Слева тянулся ряд окон, выходивших в сад, справа — обитые двери. Перед одной из палат сиделка остановилась, приложив указательный палец к губам, и бесшумно открыла дверь. Они остались стоять на пороге; теперь и у Кэтлин началось сердцебиение. Сестра кивком пригласила их в темный тамбур. Элис была не в силах двинуться, держалась за стену. Кэтлин проскользнула внутрь и прижалась лицом к небольшому четырехугольному окошечку. Через полминуты она вышла из тамбура, шелестя юбкой, взяла мать за руку и прошептала:
— Он лежит спиной к двери. Я видела только его макушку. Погляди и ты, мама.
Теперь мать внушала ей жалость.
— Хорошо, — сказала Элис. Опустив голову, она неслышно пробралась мимо Кэтлин и сиделки и прильнула к окошку.
В этой комнате лежал ее сын.
То была обычная светлая больничная палата, но в ней лежал ее сын.
Стены, встроенная мебель, как полагалось в клинике, но в то же время все это окружало ее сына; там лежал ее сын.
Она заглянула в палату и увидела:
Он лежал лицом к саду, спиной к двери, перед которой стояла мать и беззвучно взывала к нему.
Видно, он что-то почувствовал. Зашевелился, начал ворочаться. Перевернулся на спину и теперь лежал вытянувшись и смотрел в потолок. И вдруг повернул направо голову со взъерошенной каштановой шевелюрой: лицо его медленно обратилось к двери, голова легонько приподнялась с подушки. Глаза устремились к дверному окошку.

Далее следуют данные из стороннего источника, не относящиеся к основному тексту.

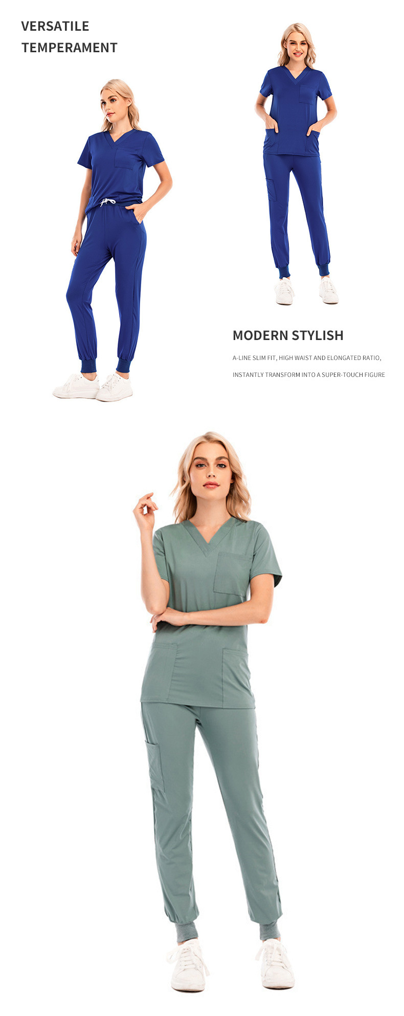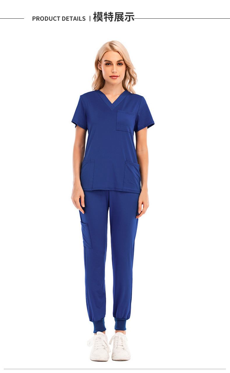new sports and leisure solid color and v-neck short sleeve pocket nurses' uniform medical protective suit split nurse work uniforms suit

Элис оделась сегодня особенно тщательно — ни дать ни взять девочка. На ней было светло-зеленое летнее платье. Распущенные волосы, на голове плоская соломенная шляпа с широкими полями, на груди приколот букет. Руки в белых длинных до локтя перчатках мяли фиалки, которые она хотела ему передать.
Там он лежал. Губы его шевелились. Углы рта вздрагивали.
Из туч — первый летчик. Он продырявил палубу, пробил обшивку во многих местах.
Второй спустился отвесно. Треск, грохот, он проскочил сквозь палубу, взорвался и разнес машинное отделение; судно с развороченными внутренностями жутко, по-звериному взревело. Забил гейзер, подхватил какие-то доски, трубы, людей; все закружилось в черных завитках дыма, из кубрика взметнулся язык пламени. В воду посыпались осколки металла, тела́, оторванные конечности; океан поглощал их с легким чавканьем. Он словно облизывался, а на судне бушевал огонь. Смерть нагнулась и подобрала добычу.
Эдвард лежал с открытым ртом. Стонал. Голова его опустилась на подушку.
Но теперь по его лицу пробегали какие-то странные тени. Черты напряглись, губы он сжал, веки судорожно сомкнул. Лицо медленно приобретало злое, язвительное выражение, потом на нем проступил ужас, неописуемый ужас. А после ярость и отчаяние. Словно защищаясь, он прикрыл лицо руками. Он оскалился, заскрежетал зубами.
Тонкая талия Элис была стянута красным кожаным поясом. Она бросила измятые фиалки. И пыталась вытащить из-за пояса носовой платок, чтобы прижать к губам.